А вечером пустынножители с восхищением созерцали, как двери их комнат распахнуты в коридор были настежь и в каждую комнату, скрывая под своей громоздкостью фигуры людей, опять пешком, как ушли, вошли вещи.
Кружилась голова. Из-за мебельной эскапады прохватил всех сквозняк, и к ночи сделался жар. И приятен был холод круглой комнаты, перешедшей к автору после Котихиной, на зов любви уехавшей все-таки в Африку.

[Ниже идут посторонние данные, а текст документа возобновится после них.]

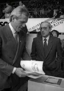 RETROSPETTIVA DAN PETERSON ALLENATORE BASKET NELLA FOTO DAN PETERSON ALLENATORE BASKET CON IL DOTTOR CERVI AG ALDO LIVERANI SAS

При царе жил здесь китайский посланник. У него были в этом алькове, где тайно свалены ныне дрова, то ли китайские пытки, то ли китайские утехи любви. Один из недомерков нарисовал на плафоне знаки зодиака. При температуре даже не сорок, если глазами уткнуться в созвездие Рака, оно тихо двинется с места, а вслед за ним и вся комната вообразит себя вдруг отдельной планетой и станет плавно кружиться. Вылущится полегоньку из стен Сумасшедшего Корабля, сорвется, пронесется по Мойке, взмоет высоко, чтобы не задеть ей домов, и ухнет в Неву. Качаясь на водах, как круглая банная шайка, попавшая в громадный бассейн, комната выйдет вместе с волнами в залив, обогнет морду «собаки» и мимо Бельгии и Германии...

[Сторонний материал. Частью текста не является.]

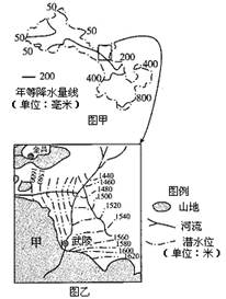3、单选题 图甲是我国某省年降水量分布图,图乙是该省某地区甲河水系示意图。读图分析回答:

Дальше за комнату отвечать не могу. Передо мной Рю-де-Гренель и обычный полпредовский прием. На улице переодетые французские шпики и полиция явная стерегут от своих и от наших.
Особняк, старый помольский, лестница в мягких коврах, лакеи вверху, лакеи внизу. Верхние с золотообрезным карнэ – в него вписывают поочередно фамилии и, как в опере, анонсируют. И, повинуясь парадному ритму лестниц и декламации анонса, будь хоть стопроцентный коммунист, как Вайян-Кутюрье, как наши торги полпредские, – все без исключения проходят пространство от двери к колоннам не обычной своей походкой, а как лошади в цирке – гарцуя.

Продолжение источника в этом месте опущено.